PS I tried to upload a picture - no luck. I don't see an attachment option of the menu only a 'manage attachments' at the bottom. Can you help please.


----------



## Jim West Pa (Jul 27, 2010)

*WELCOME Keenbeginer*

The attachment option yer lookin for is the little paper clip icon in the tool bar next to the smiley face icon


----------



## BigJim (Sep 2, 2008)

You can cut the outside radius with a router then run your profile. You can cut the inside radius with a saber saw or you could cut it with the router if you are really careful.


----------



## Keenbeginner (Nov 22, 2011)

jiju1943 said:


> You can cut the outside radius with a router then run your profile. You can cut the inside radius with a saber saw or you could cut it with the router if you are really careful.

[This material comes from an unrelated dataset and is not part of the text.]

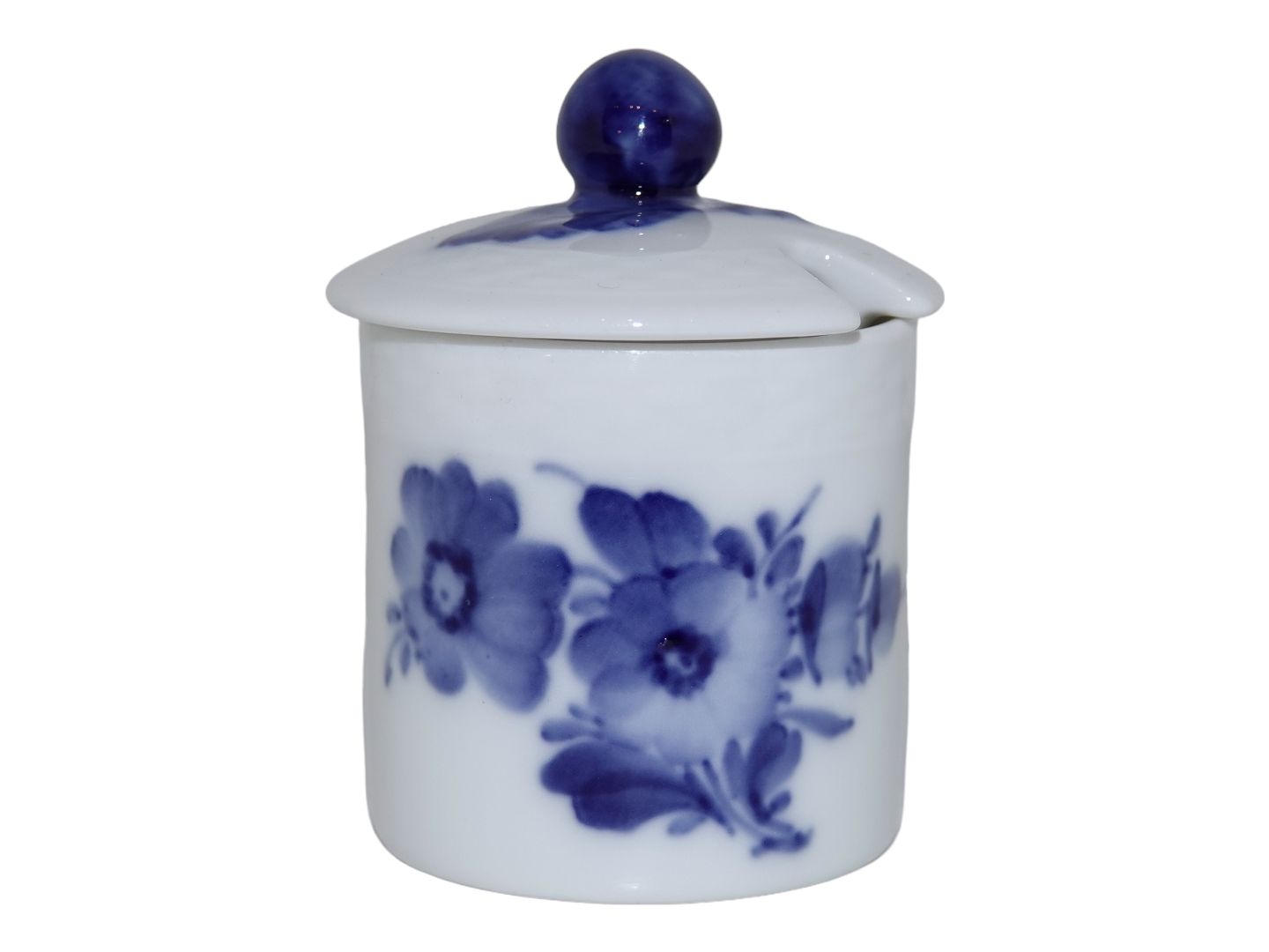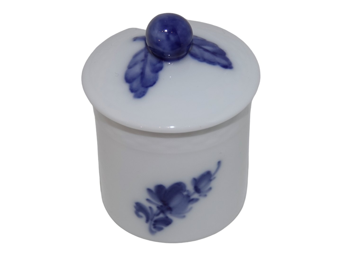 Beskrivelse: Royal Copenhagen Blå Blomst Flettet, lille sennepskrukke med tilhørende låg.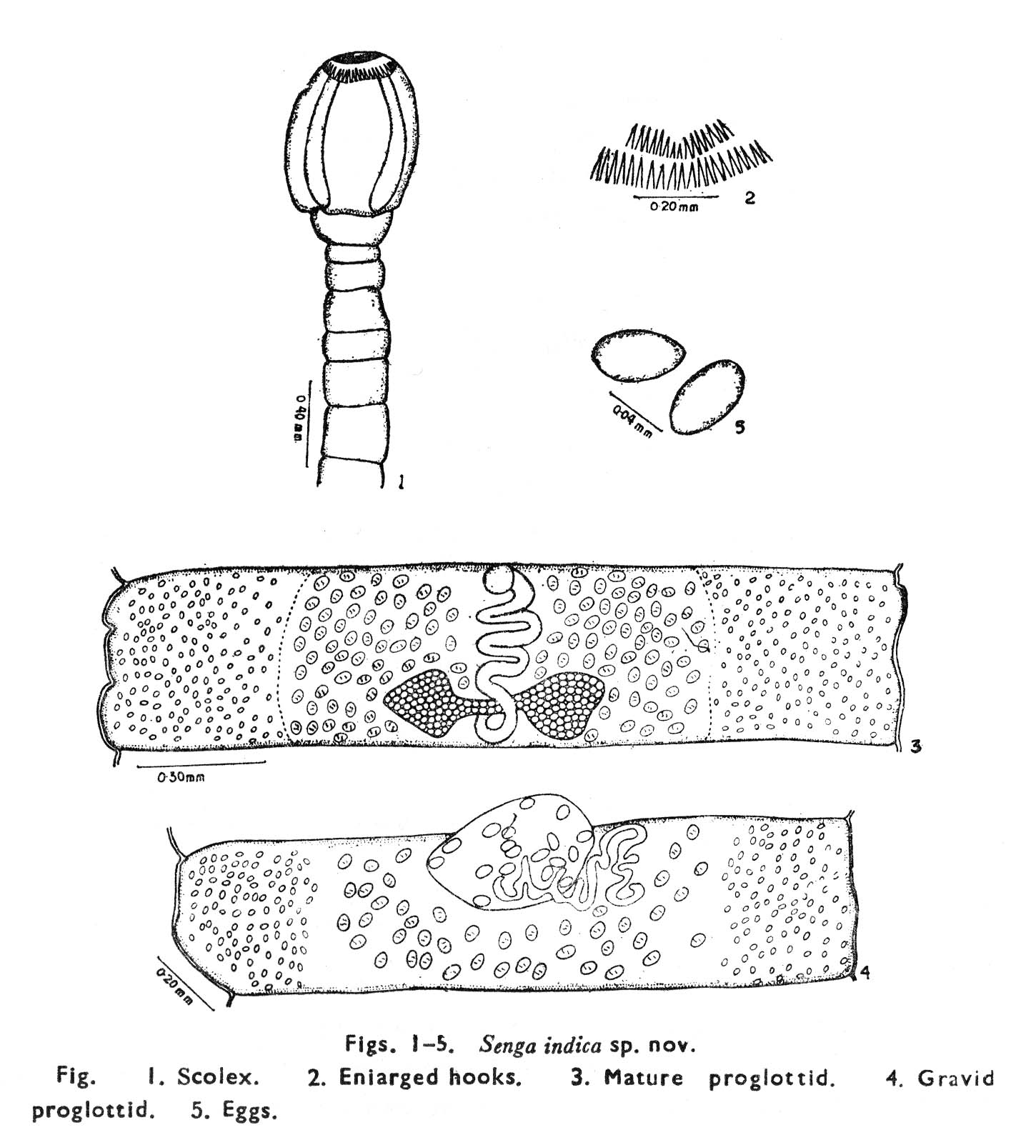 Gupta, V., and S., Parmar. 1985. On a new cestode, Senga indica sp. nov. from the intestine of freshwater fish, Mastacembelus armatus (Lacep.) from Lucknow. Indian Jounral of Helminthology 37: 96-99. (7331) Download PDF |

Thanks. Right now all I have to do if I understand you right jiju is to make a template, copy it onto a piece of wood deep enough to take the curve of the stair and then saw it into the shape of the template? 

(My picture upload failed again. I may have to change format or something like that).


----------



## BigJim (Sep 2, 2008)

Many times the radius will be in two or more pieces as it takes some pretty hefty sized wood to make it in one piece.


----------



## Dak (Mar 9, 2011)

Tom silva showed how to do this on ask this old house. Try a search on the web site.


----------



## Lola Ranch (Mar 22, 2010)

What is the radius and how big is the molding you are trying to make? Are you trying to match something?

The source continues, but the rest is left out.